DEPARTMENT CHAIR; PROFESSOR OF BIOLOGY

What classes are you teaching?

BIOL 111: Yellowstone Ecology; BIOL 330 Experimental Botany: Global Climate Change; and BIOL 332: Plant Functional Ecology (ST in Yellowstone)

Can you tell us about the research / scholarship projects you are working on right now (or projects recently completed)?

My students and I have been working with the National Park Service since 2013 on a long-term grazing project, which is funded by the Department of Interior. It focuses on the effects of Bison grazing (but Elk, Pronghorn and Blacktail deer graze the sites too) on grassland productivity, soil organic matter decomposition and nitrogen cycling (including microbial abundance and diversity).
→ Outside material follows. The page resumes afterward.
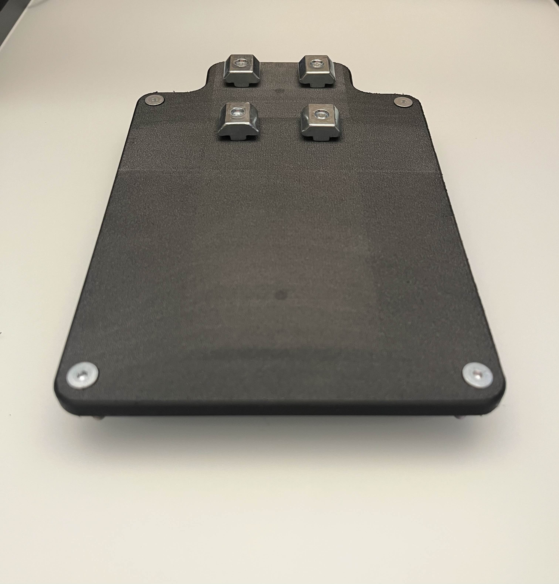 This product is a 3D Printed Mounting Plate for attaching VKB Gladiator NXT/EVO Device to Metric 4080 Extrusion. Filament used for this part is Bambu Lab PETG-CF, which is carbon fiber reinforced PETG, and it is printed at 100% infill for maximum strength and rigidity. M6 screws and hammer head T-nuts are provided for attaching this mounting plate to your extrusion. M5 screws and nuts are provided for attaching your VKB Gladiator NXT/EVO Device to the mounting plate
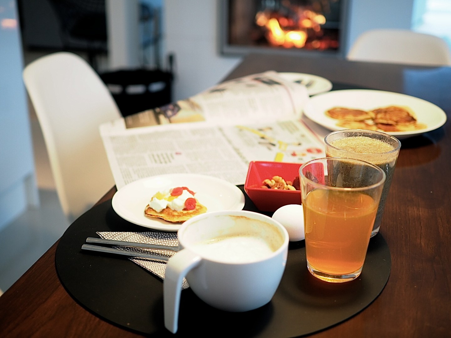 Olen siirtynyt viljattomaan ruokavalioon ja pyrin välttämään myös maitotuotteita, mutta sunnuntaiaamuun kuuluu ehdottomasti vaahdotettu maitokahvi. Lisäksi proteiiniletut, smoothie, kananmunia ja pähkinöitä. Näillä eväillä päivä lähtee mukavasti käyntiin. Sitten ei muuta kuin takkatuli ja päivän lehti, printtiversiona tottakai!

Since 2013, we have monitored over 35 sites in Yellowstone; in the last three years, we have added the monitoring of bird and arthropod diversity.

Studying the environment can sometimes be disheartening. What is something you have seen or read recently that makes you excited about the environment?

Bill McKibben’s talk, “The Climate of Climate: Are We Finally Starting to Move,” which he presented in the University Chapel at W&L.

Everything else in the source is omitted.